20 heures… Un PAR s’allume à demi feu nous laissant apercevoir dans une ambiance feutrée un magnifique orgue Hammond B-3 et une cabine Leslie, un set drum Ludwig à paillettes et une splendide Fender Telecaster Blonde plugée à un ampli twin reverb à lampes d’époque.
Ça sent à plein nez le matos vintage et la chaleur d’un vinyle du label Stax Records des années 1960. Le décor est planté !!!
Premier morceau et instantanément mes poils se dressent et s’entortillent sur mes avant bras. Les roues phoniques du B-3 tourbillonnent et chantent, malmenées par un Delvon connaissant sa machine sur le bout des doigts et usant de musicalité en s’amusant avec désinvolture sur les tirettes harmoniques Drawbars.
Ehssan Karimi aux baguettes délivre de suite un beat cliqué et binaire calculé par la NASA. Le texan Johnny Moeller a la guitare nous régale avec un jeu simple et blusie. Cocottes et gimmicks distillés s’enchaînent sur des gammes pentatoniques terriblement efficaces. Cinq minutes d’écoute et le constat est simple et sans appel : je déguste un mélange acidulé à la sauce soul-jazz entre un booker T & the Mg’s et un excitant Bayou-funk en mode « The Meters ».

Les nappes d’orgue amenées délicatement à la pédale de volume donnent un bel effet wha-wha naturel. La ligne de basse jouée aux pieds et en chaussettes rappelle une certaine Rhoda Scott qui elle le faisait pieds nus. Les ponts sont envolés à en faire oublier le thème principal, les breaks sont nets et découpés au couteau, intelligemment placés et ne retombent jamais sur un premier temps mais sur le « et » d’un troisième ou quatrième et le batteur nous le rappelle bien d’un air défiguré et souffrant, sur un coup de baguette magique sur un charlet ouvert.

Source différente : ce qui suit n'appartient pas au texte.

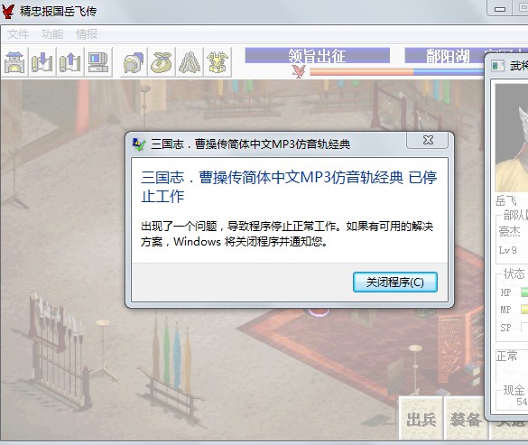 刚把所有5.8版本补丁下好后玩的时候中途突然显示“三国志。曹操传简体中文MP3仿音轨经典 已停止工作”,然后就直接关闭了。。。这个怎么解决啊?跪求大侠帮助~另外怎么发图啊。。。我还不会发。。。感激不尽~~我是win7系统

Sur ce set-list de qualité, trois reprises dont un OVNI de belle facture viennent me chatouiller l’oreille comme pour défier l’ordre musical établi.
En apéritif, le mythique « Move one up » de Curtis Mayfield sublimement remanié et remettant au goût du jour, la scène Blaxploitation des années 1970. En plat de résistance, un classique absolu du Godfather of soul, Mr James Brown avec un « Ain’t it funky « progressif amené avec de belles nuances puis culminant à son apogée dans une transe survitaminée.
Pour le dessert, un sorbet dégoulinant de sensualité avec un déroutant « Careless whisper » de George Michael. Déroutant car je pense en premier lieu à une blague privée entre membres du groupe…
Mais non !!!! Delvon reprend le lead très minimaliste de George puis brode une improvisation, un jeu de questions-réponses s’installe entre le clavier et la guitare, harmonisant des tierces et des quintes pour agrémenter un titre solide et lancinant en lui donnant un ton beaucoup plus soul et… c’est un coup de génie !
Delvon Lamarr Organ Trio, un combo soûl-jazz comme il y en avait dans les années 1970, un grand mix à l’écoute et complet et un groupe accessible qui signe des vinyles en fin de concert. Une bonne heure de véritable plaisir, du feeling orgasmique en plongée dans les méandres du groove. Du made in Seattle à consommer sans modération.